PRKACB
Description
The PRKACB (protein kinase cAMP-activated catalytic subunit beta) is a protein-coding gene located on chromosome 1.
PRKACB gene encodes cAMP-dependent protein kinase catalytic subunit beta, an enzyme crucial for various cellular functions. cAMP activates PKA, a tetrameric protein composed of regulatory and catalytic subunits. cAMP binding triggers dissociation of the inactive holoenzyme into active catalytic subunits. PRKACB belongs to the serine/threonine protein kinase family and exists in three isoforms due to alternative splicing. PRKACB interacts with Ryanodine receptor 2 and Low affinity nerve growth factor receptor.

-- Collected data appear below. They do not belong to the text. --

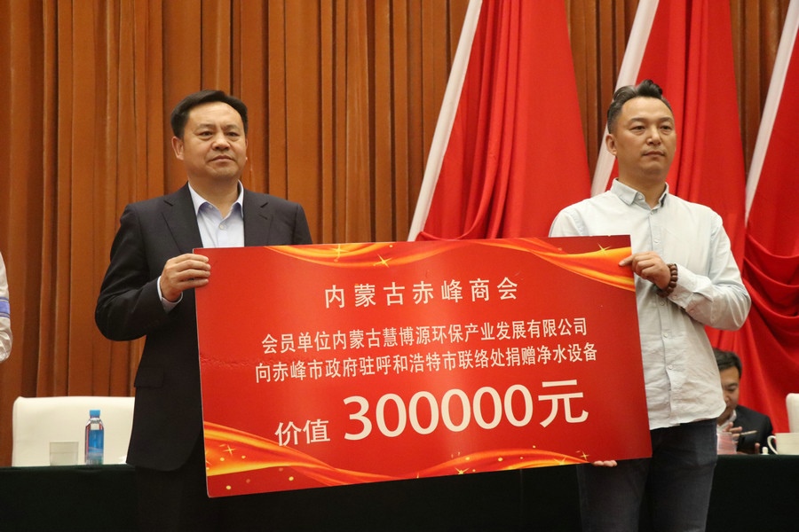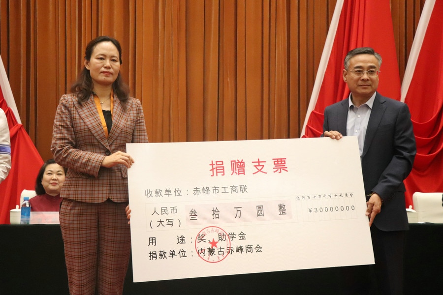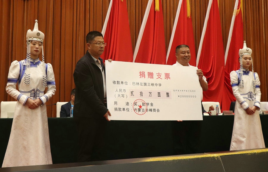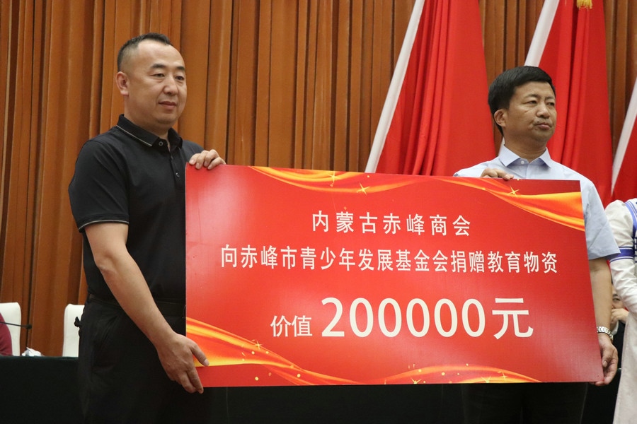 內(nèi)蒙古赤峰商會還聯(lián)合會員單位,利用商會成立之機,向家鄉(xiāng)赤峰市工商聯(lián)、巴林左旗三峽中學、赤峰市青少年發(fā)展基金會和赤峰市政府捐贈款物。
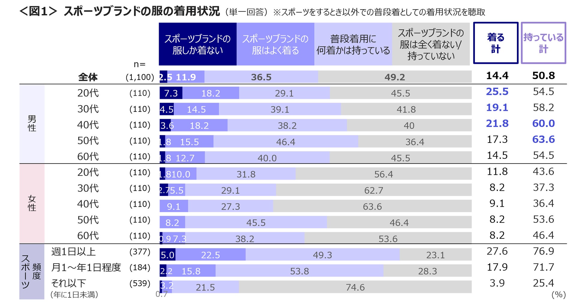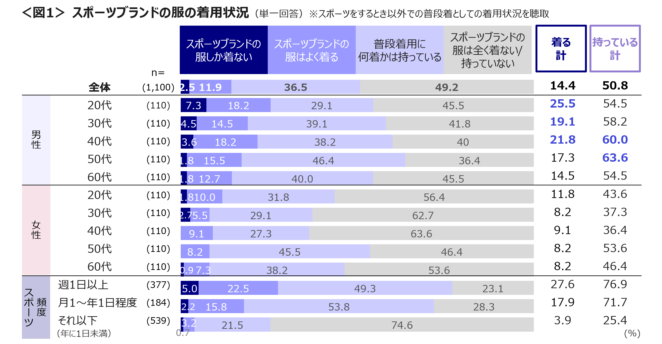 スポーツブランドの服を持っている人は50.8%で、普段、着ている人は14.4%。
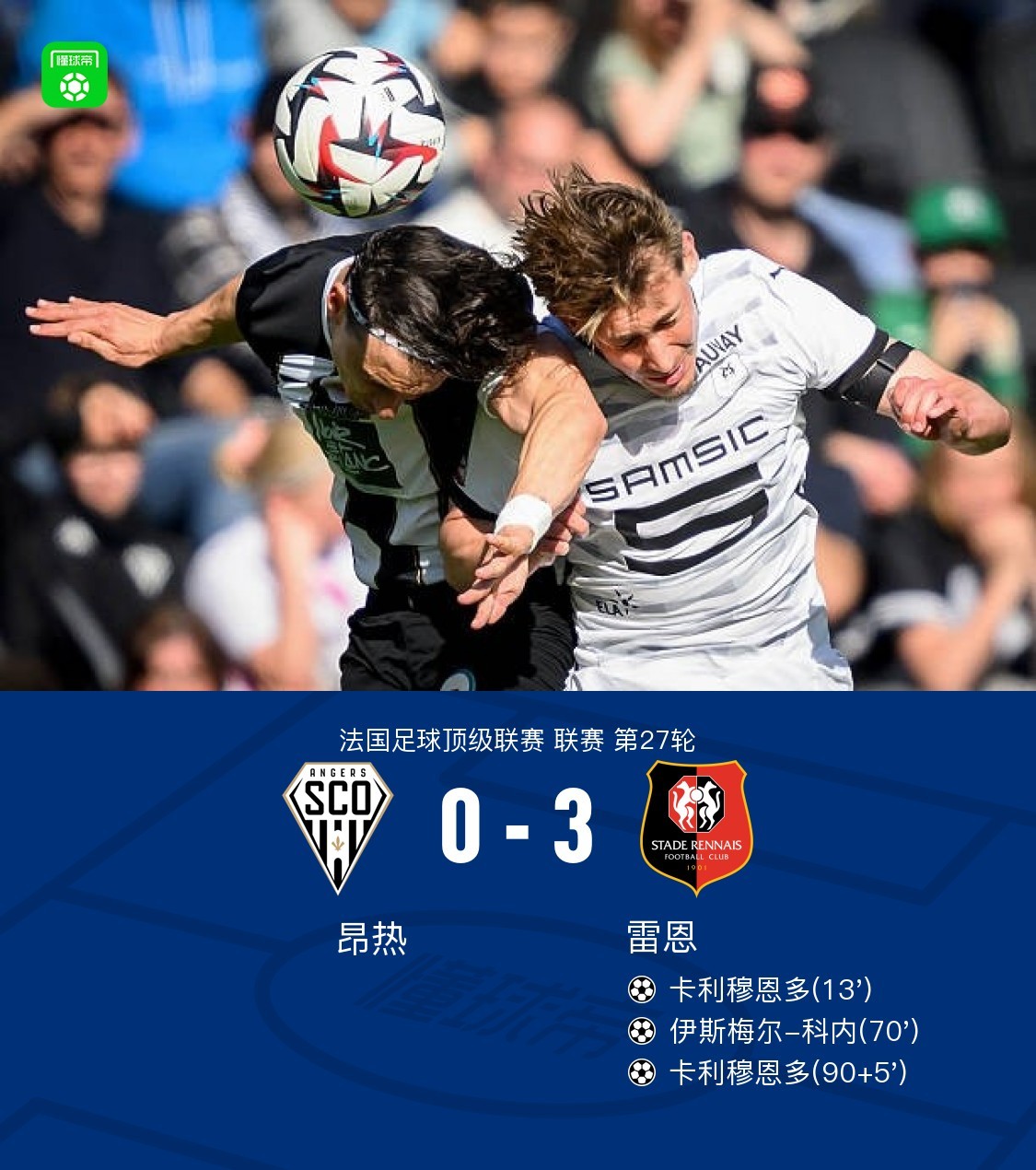 北京时间3月30日,法国足球顶级联赛第27轮,昂热主场迎战雷恩。比赛中,雷恩展现出强劲的进攻实力,卡利穆恩多打入两球并贡献一次助攻,伊斯梅尔-科内则在另一关键时刻完成破门,为球队锁定胜局。最终,雷恩以3比0战胜昂热,全取三分。
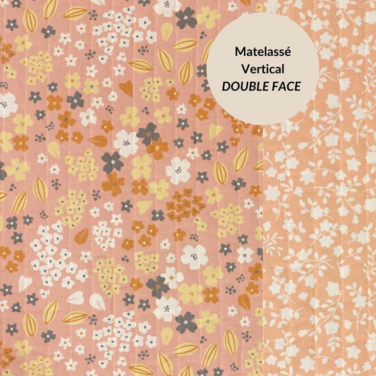 Le tissu matelassé coton double face est un tissu rembourré de ouate maintenue par un surpiquage verticale entre deux couches de tissus. Nous vous conseillons un lavage à 30 degrés et un séchage à l'air libre.
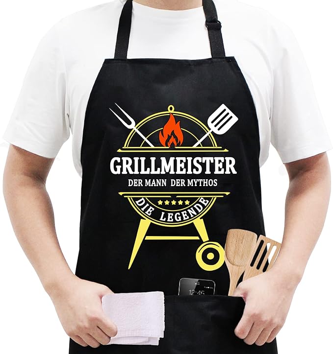 Der absolute Hit für jeden Grillmeister! Diese coole Schürze mit dem Spruch \\\Keine Sorge, ich schaffe das!\\\ bringt garantiert Lacher auf deine nächste Grillparty. Aus robustem Polyester das Fettspritzer abweist. Zwei riesige Taschen (29x19cm) für Zange, Gewürze & Co. Verstellbarer Nackengurt (30-60cm) und 80cm lange Bindebänder passen an jede Statur. Größe: 70x80cm - schützt von Brust bis Knie. Perfekt als Geschenk zu Vatertag, Geburtstag oder einfach so. Macht auch beim Heimwerken oder Gartenarbeit eine gute Figur. Maschinenwaschbar - praktisch und pflegeleicht!
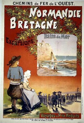Here is a colorful post-card reproduction of an ad for Chemins de Fer de L'Ouest, touting a vacation in Brittany France, as a place for eye candy :)
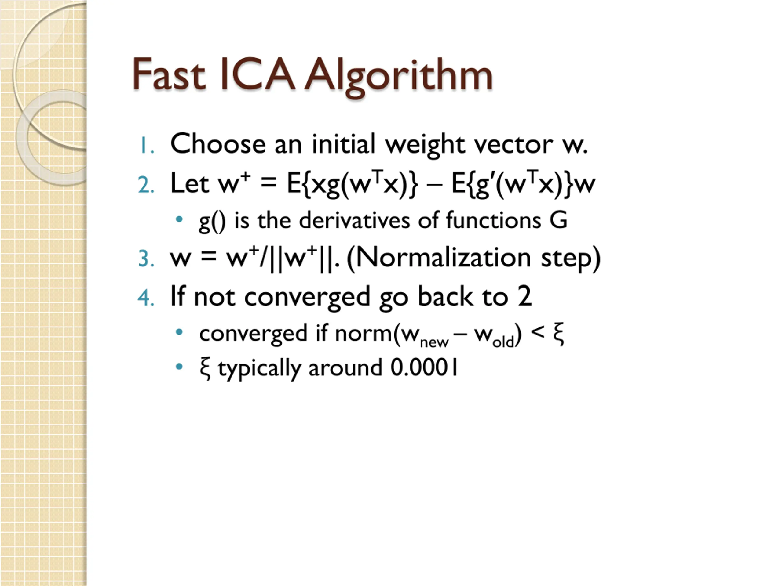Fast ICA Algorithm 1. Choose an initial weight vector w. 2. Let w+ = E{xg(wTx)} E{g (wTx)}w g() is the derivatives of functions G 3. w = w+/||w+||. (Normalization step) 4. If not converged go back to 2 converged if norm(wnew wold) < typically around 0.0001
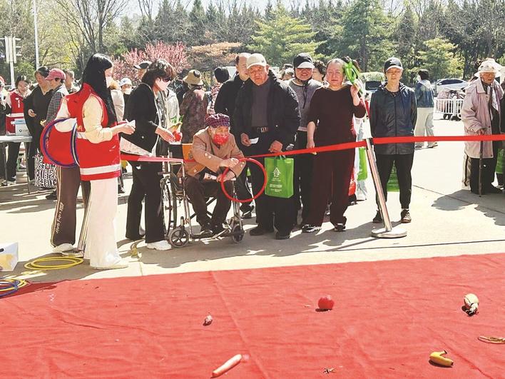 4月10日,保定市竞秀区阳光北社区联合竞秀区民政局、保定市社会组织促进会、竞秀区社会组织孵化基地举办“阳光助老暖春日,乐享运动筑友好”主题活动。图为老年人参与“趣味套瓜果”游戏。 姚素君 摄
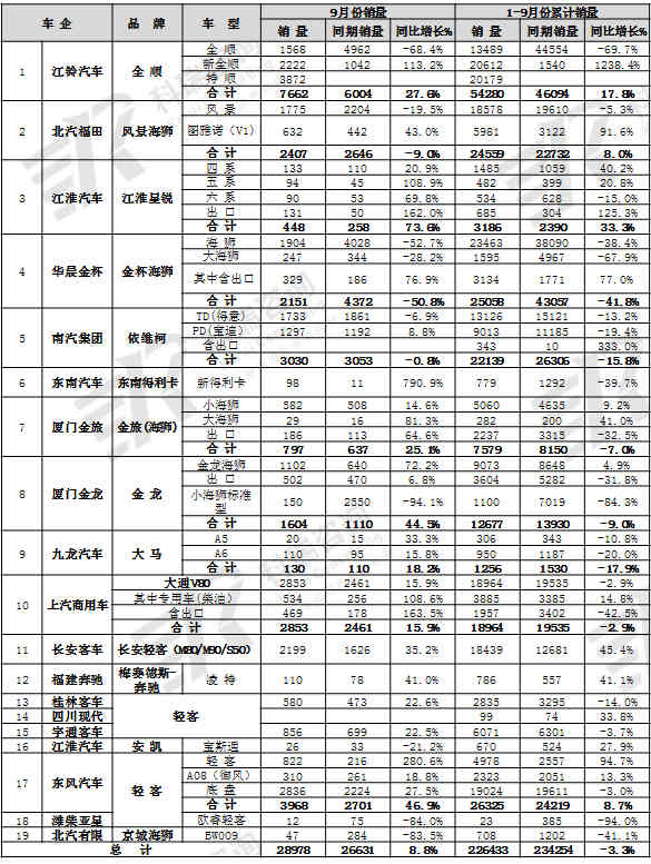 2017年1-9月份轻型客车分品牌销量及增长率情况表

PRKACB, also known as PKA C-beta, mediates cAMP-dependent signaling triggered by receptor binding to GPCRs. PKA activation regulates various cellular processes like cell proliferation, cell cycle, differentiation, microtubule dynamics, chromatin condensation and decondensation, nuclear envelope disassembly and reassembly, intracellular transport, and ion flux. PRKACB regulates the abundance of its regulatory subunits by phosphorylating PJA2, leading to ubiquitination and proteolysis of these subunits. It also phosphorylates GPKOW, modulating its RNA binding ability. Moreover, PRKACB acts as a negative regulator of mTORC1 through phosphorylation of RPTOR.
PRKACB is also known as CAFD2, PKA C-beta, PKACB.